PS-printerstuurprogramma voor Windows

Tabblad [Layout (Lay-out)]
Nr.
Object
Beschrijving

1

Orientation (Afdrukstand)

Stelt de afdrukoriëntatie in.

2

Print on Both Sides (Dubbelzijdig afdrukken)

Hiermee stelt u dubbelzijdig afdrukken in.

3

Page order (Paginavolgorde)

Hiermee stelt u de volgorde in waarin de pagina's moeten worden afgedrukt.

4

Page format (Pagina-indeling)

Hiermee geeft u het aantal pagina's aan dat op een pagina moet worden afgedrukt en voor het afdrukken van boekjes.

5

Layout image (Afbeelding van de lay-out)

Geeft een voorbeeld van de afdruklay-out weer.

6

Advanced (Geavanceerd)

Hiermee kunt u gedetailleerde instellingen doorvoeren zoals de afdrukkwaliteit en het mediaformaat.

Tabblad [Paper/Quality (Papier/kwaliteit)]
Nr.
Object
Beschrijving

1

Tray selection (Ladeselectie)

Wijzigt de papierlade.

2

Color (Kleur)

Hiermee geeft u aan om in kleur/monochroom af te drukken.

3

Advanced (Geavanceerd)

Hiermee kunt u gedetailleerde instellingen doorvoeren zoals de afdrukkwaliteit en het mediaformaat.

Tabblad [Job Options (Taakopties)]
Nr.
Object
Beschrijving

1

Quality (Kwaliteit)

Hiermee kunt u de afdrukresolutie opgeven.

2

Job Type (Taaktype)

Hiermee kunt u het type afdrukgegevens en het aantal kopieën instellen. Als [Shared Print (Gedeeld afdrukken)] of [Private Print (Persoonlijk afdrukken)] is ingesteld, is [Job Type Options (Taaktype-opties)] beschikbaar.
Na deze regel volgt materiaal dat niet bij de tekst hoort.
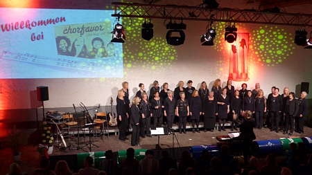 Per Beamer wird zum Willkommen das chorfavor-Logo eingeblendet.
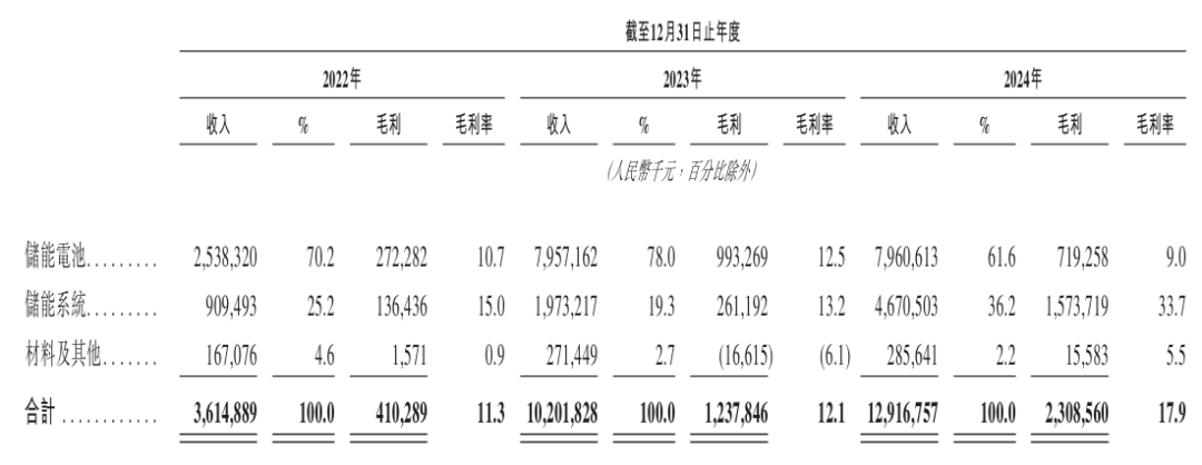 好在海辰储能的储能系统业务毛利在2024年实现了502.5%的显著增长,来到15.37亿元,毛利率也由13.2%翻倍提升至33.7%,这才提振了该公司的整体水平,使其毛利率同比增长5.8个百分点至17.9%。
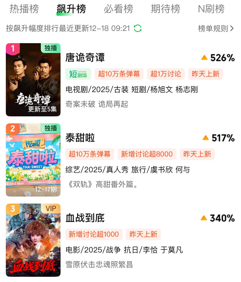 作为“唐诡宇宙”的正统续作,这部21集古装悬疑中短剧刚登陆桃厂,就掀起了追更热潮。首播2小时直接空降平台飙升榜第一,飙升热度狂飙近526%,相关话题在社交平台刷屏。
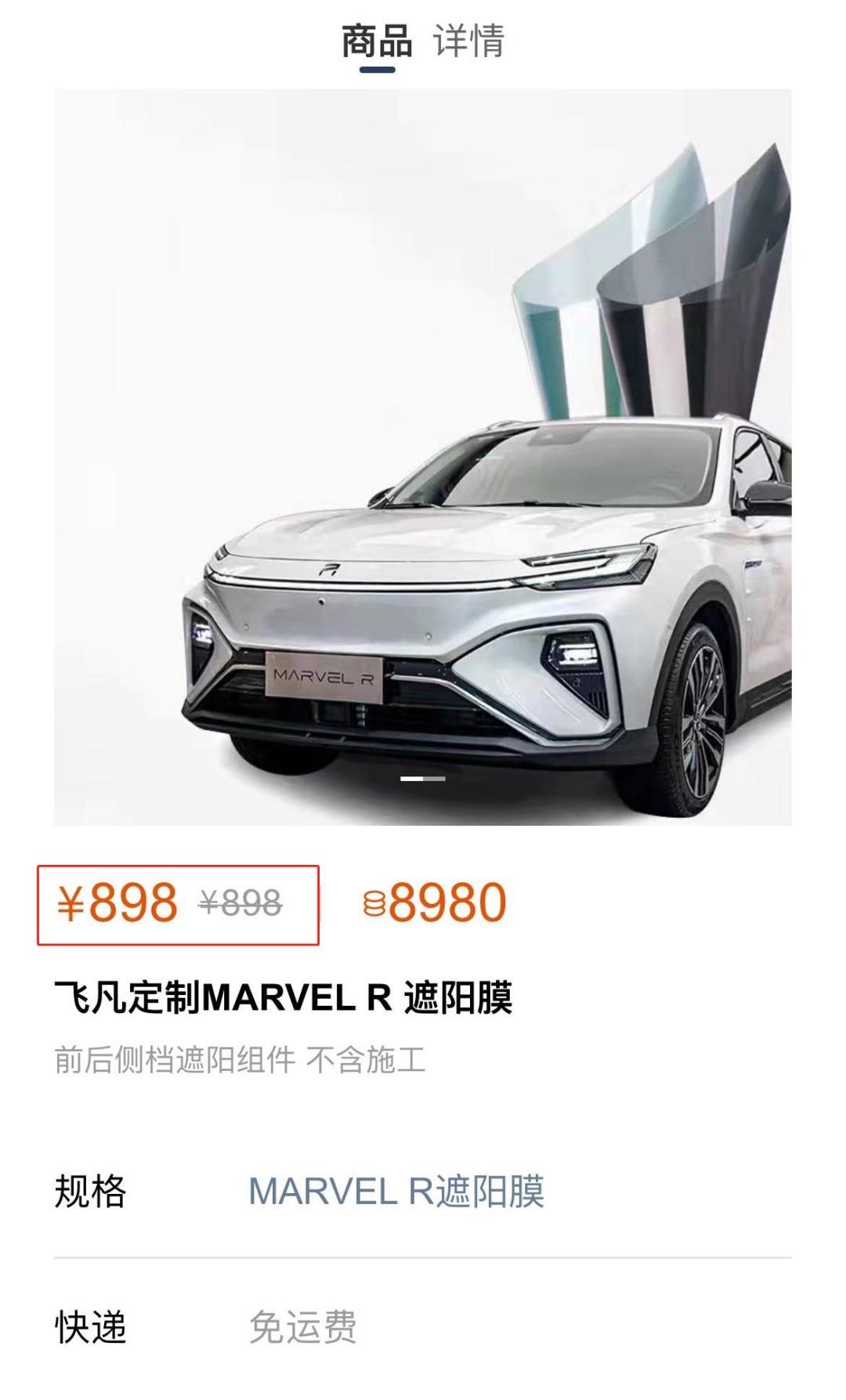 这些车企自营的遮阳帘或遮阳膜大多售价不菲,如上述飞凡汽车销售提到的“飞凡定制MARVEL R遮阳膜”在飞凡App中需要898元。

Als [Collate (Sorteren)] is aangevinkt, zullen meerdere documenten gezamenlijk worden afgedrukt.

3

Fit to page (Passend maken op een blad)

Vink [Resize document to fit printer page (Documentgrootte wijzigen zodat het op het blad past)] aan om op een ander papierformaat af te drukken.

4

Watermarks (Watermerken)

Hiermee kunt u met een tekst- of stempelwatermerk afdrukken.

5

Overlays (Overlays)

Hiermee kunt u met een overlappend formaat afdrukken dat vooraf in de printer is geregistreerd.

6

Advanced (Geavanceerd)

Overige instellingen kunnen worden doorgevoerd.

7

User authentication (Gebruikersverificatie)

Geeft de verificatie van een gebruiker op.

8

About (Info)

Geeft de versie van het printerstuurprogramma weer.

9

Default (Standaard)

Herstelt de instelling van elk object op het tabblad naar de beginwaarden.

Tabblad [Color (Kleur)]
Nr.
Object
Beschrijving

1

Color Mode (Kleurmodus)

Hiermee kunt u de kleuraanpassing voor afdrukken in kleur opgeven.

2

Toner Saving (Tonerbesparing)

Afdrukken in de tonerbesparingsstand.

3

Advanced (Geavanceerd)

Hiermee kunt u overige afdrukinstellingen instellen.

4

Color Swatch Utility (Hulpprogramma Kleurstalen)

Start Color Swatch Utility.

5

Default (Standaard)

Herstelt de instelling van elk object op het tabblad naar de beginwaarden.